_Raw data_:

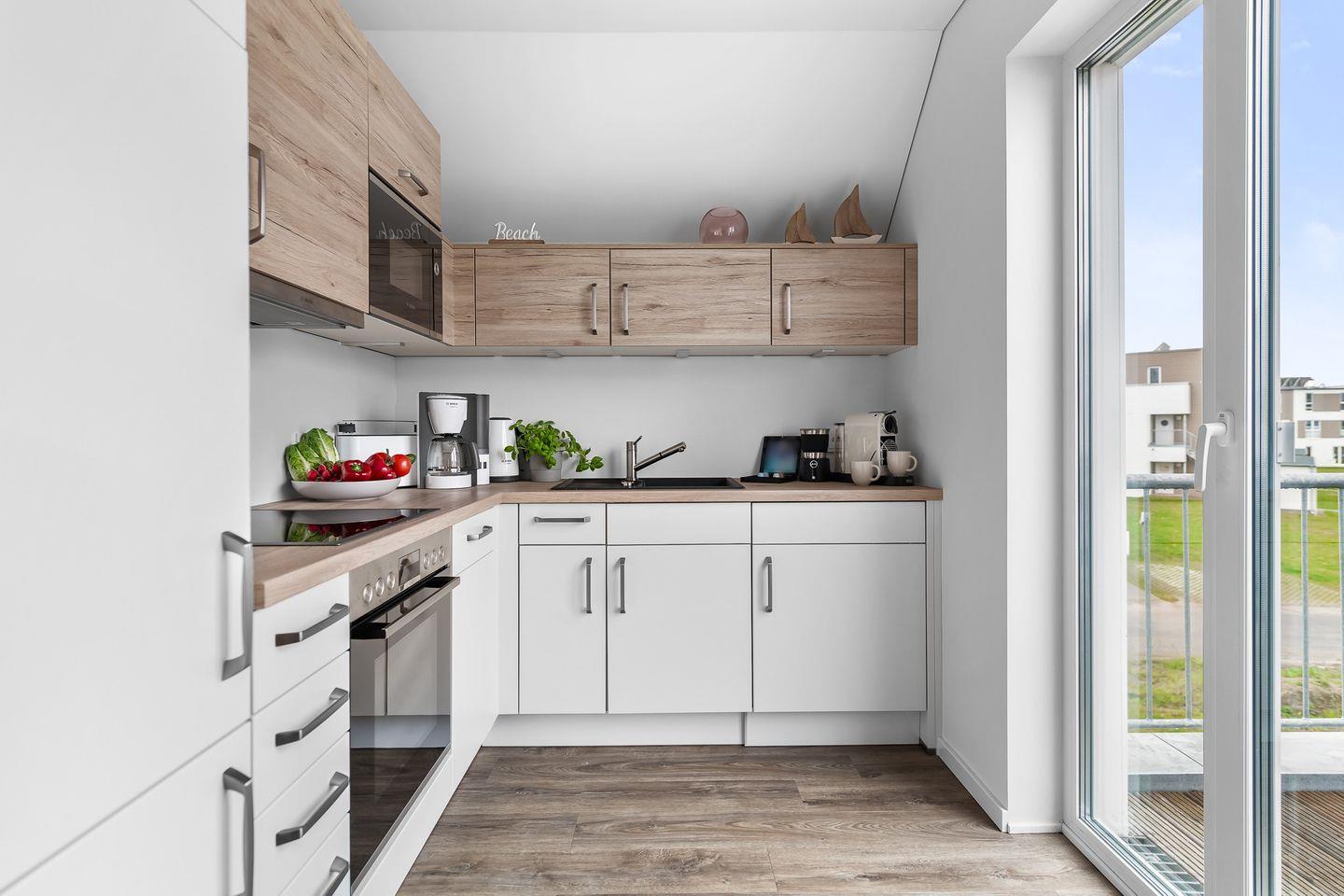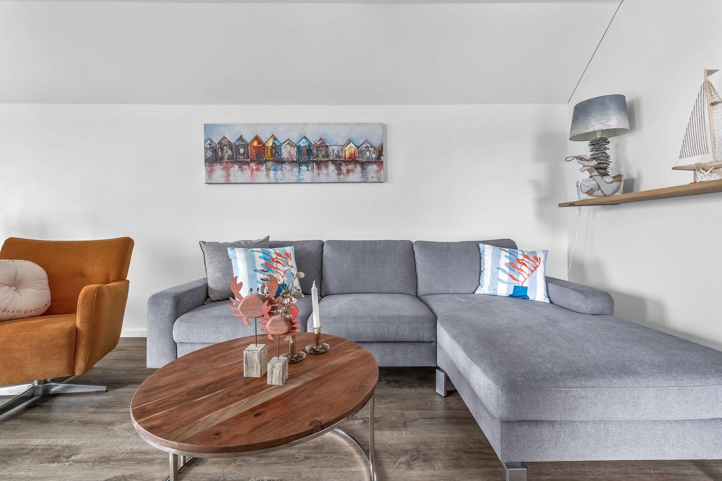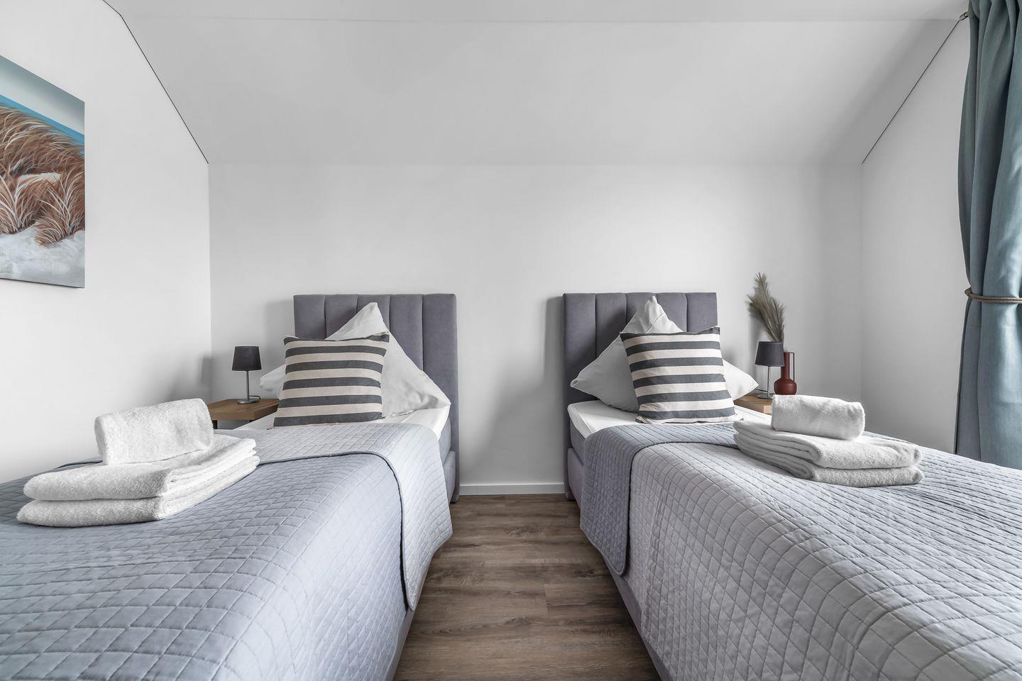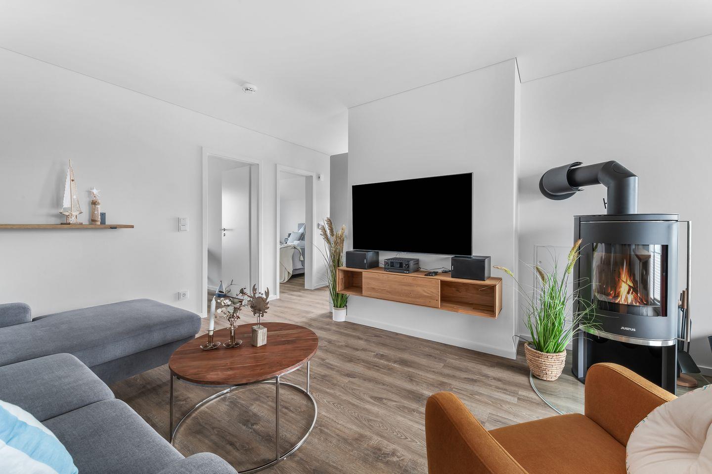 Eintreten und wohlfühlen. Diese Ferienwohnung bietet Platz für bis zu 4 Personen. "Sunset Suite" ist modern, stilvoll und sehr gemütlich, sie besticht durch zeitlose Eleganz und wurde mit viel Liebe zum Detail eingerichtet. Neben zwei Schlafzimmern, einem hellen und freundlichen Bad mit Infrarot-Sauna, einem sehr ansprechenden Wohn- und Essbereich, sowie einer vollausgestatteten Küche, bietet diese im Obergeschoss gelegene Wohnung einen voll möblierten Balkon. Das Wohnzimmer ist mit einer großzügigen Wohnlandschaft und einem großen Multimedia-Smart-TV eingerichtet - hyggelige Abende sind garantiert. Kostenfreies WLAN und Magenta-TV stehen Ihnen ebenfalls zur Verfügung. An kühleren Tagen sorgt ein Kaminofen für eine wohlige Wärme. In beiden Schlafzimmern finden Sie hochwertige Boxspringbetten. In einem Schlafzimmer befindet sich ein Doppelbett (180x200cm) und in dem anderen sind zwei Einzelbetten (90x200cm), die Sie jederzeit zu einem Doppelbett zusammenschieben können. Auch verfügen beide Schlafzimmer über Multimedia-Smart-TVs und einen Kleiderschrank. Verdunklungsmöglichkeiten sowie Fliegengitter ermöglichen Ihnen eine angenehme Nachtruhe. Die Küche ist von der Nespresso-Maschine über den Wasch-Trockner bis hin zur Spülmaschine mit allen erdenklichen, modernen Annehmlichkeiten ausgestattet. Kochen und backen machen hier wirklich Spaß. Das lichtdurchflutete Bad bietet Ihnen eine große, ebenerdige Dusche, einen Kosmetikspiegel, einen Föhn und einen Handtuchheizkörper. Für Wellnessfeeling sorgt die eingebaute Infrarot-Sauna mit Soundanlage. Der Balkon lädt zum Chillen ein und der hochwertige Elektrogrill lässt auch Grillfreunde auf Ihre Kosten kommen. Auf dem Balkon können Sie den Tag in Ruhe ausklingen lassen und die schönen Sonnenuntergänge im Strandkorb genießen. Für gesellige Abende mit Freunden oder der Familie steht Ihnen ein Elektro-Grill zur Verfügung. Für unsere kleinen Gäste stehen ein Kinderreisebett, ein Hochstuhl und ein Kindertritthocker bereit. Direkt vor der Unterkunft befinden sich 2 kostenfreie Parkplätze und ein abschließbarer Fahrradschuppen.
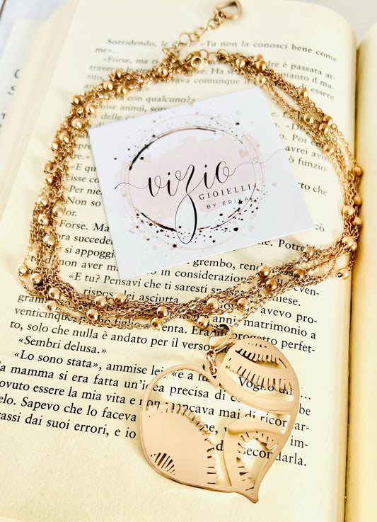 Girocollo luminoso in acciaio rosato Cuore Grande
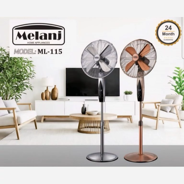 پنکه ایستاده فلزی ملانژ مدل ML-115 مناسب برای: خانه و محل کار ترکیبی از زیبایی همراه با خنکای بینظیر! طراحی مدرن و چشم نواز رنگ استیل و مسی 24 ماه گارانتی معتبر شرکتی
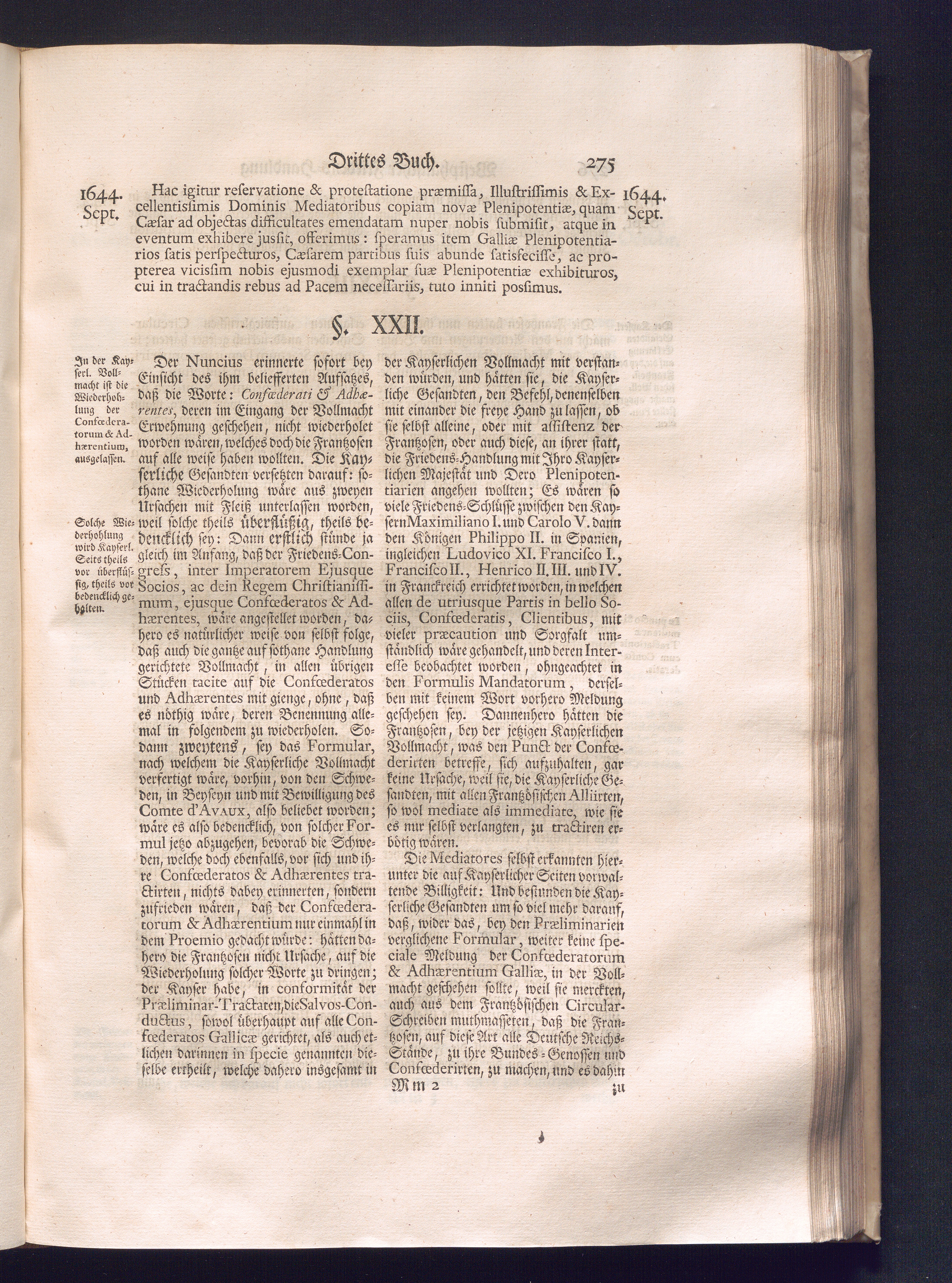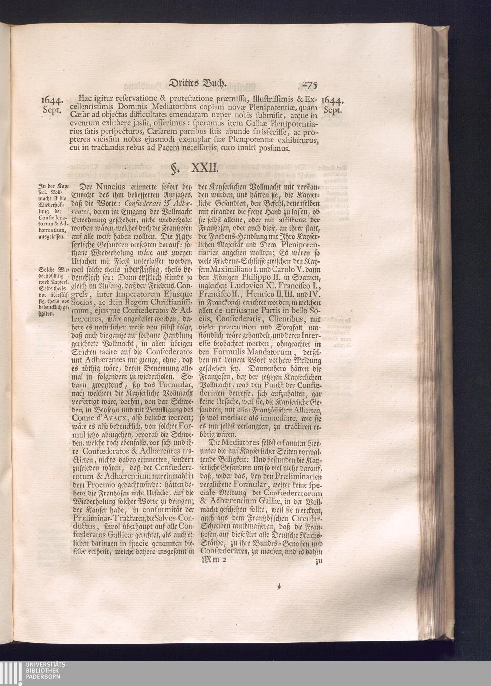 Erster Theil (1734) Worinnen enthalten, was vom Jahr 1643. biß in den Monath October Anno 1645. zwischen Jhro Römisch-Käyserlichen Majestät, dann den Beyden Cronen Franckreich und Schweden, ingleichen des Heiligen Römischen Reichs Chur-Fürsten, Fürsten und Ständen, zu Oßnabrück und Münster gehandelt worden

_Task to complete_: Repeat the material above word for word but skip the images.

_Exercise response_:
 Eintreten und wohlfühlen. Diese Ferienwohnung bietet Platz für bis zu 4 Personen. "Sunset Suite" ist modern, stilvoll und sehr gemütlich, sie besticht durch zeitlose Eleganz und wurde mit viel Liebe zum Detail eingerichtet. Neben zwei Schlafzimmern, einem hellen und freundlichen Bad mit Infrarot-Sauna, einem sehr ansprechenden Wohn- und Essbereich, sowie einer vollausgestatteten Küche, bietet diese im Obergeschoss gelegene Wohnung einen voll möblierten Balkon. Das Wohnzimmer ist mit einer großzügigen Wohnlandschaft und einem großen Multimedia-Smart-TV eingerichtet - hyggelige Abende sind garantiert. Kostenfreies WLAN und Magenta-TV stehen Ihnen ebenfalls zur Verfügung. An kühleren Tagen sorgt ein Kaminofen für eine wohlige Wärme. In beiden Schlafzimmern finden Sie hochwertige Boxspringbetten. In einem Schlafzimmer befindet sich ein Doppelbett (180x200cm) und in dem anderen sind zwei Einzelbetten (90x200cm), die Sie jederzeit zu einem Doppelbett zusammenschieben können. Auch verfügen beide Schlafzimmer über Multimedia-Smart-TVs und einen Kleiderschrank. Verdunklungsmöglichkeiten sowie Fliegengitter ermöglichen Ihnen eine angenehme Nachtruhe. Die Küche ist von der Nespresso-Maschine über den Wasch-Trockner bis hin zur Spülmaschine mit allen erdenklichen, modernen Annehmlichkeiten ausgestattet. Kochen und backen machen hier wirklich Spaß. Das lichtdurchflutete Bad bietet Ihnen eine große, ebenerdige Dusche, einen Kosmetikspiegel, einen Föhn und einen Handtuchheizkörper. Für Wellnessfeeling sorgt die eingebaute Infrarot-Sauna mit Soundanlage. Der Balkon lädt zum Chillen ein und der hochwertige Elektrogrill lässt auch Grillfreunde auf Ihre Kosten kommen. Auf dem Balkon können Sie den Tag in Ruhe ausklingen lassen und die schönen Sonnenuntergänge im Strandkorb genießen. Für gesellige Abende mit Freunden oder der Familie steht Ihnen ein Elektro-Grill zur Verfügung. Für unsere kleinen Gäste stehen ein Kinderreisebett, ein Hochstuhl und ein Kindertritthocker bereit. Direkt vor der Unterkunft befinden sich 2 kostenfreie Parkplätze und ein abschließbarer Fahrradschuppen.
 Girocollo luminoso in acciaio rosato Cuore Grande
 پنکه ایستاده فلزی ملانژ مدل ML-115 مناسب برای: خانه و محل کار ترکیبی از زیبایی همراه با خنکای بینظیر! طراحی مدرن و چشم نواز رنگ استیل و مسی 24 ماه گارانتی معتبر شرکتی
 Erster Theil (1734) Worinnen enthalten, was vom Jahr 1643. biß in den Monath October Anno 1645. zwischen Jhro Römisch-Käyserlichen Majestät, dann den Beyden Cronen Franckreich und Schweden, ingleichen des Heiligen Römischen Reichs Chur-Fürsten, Fürsten und Ständen, zu Oßnabrück und Münster gehandelt worden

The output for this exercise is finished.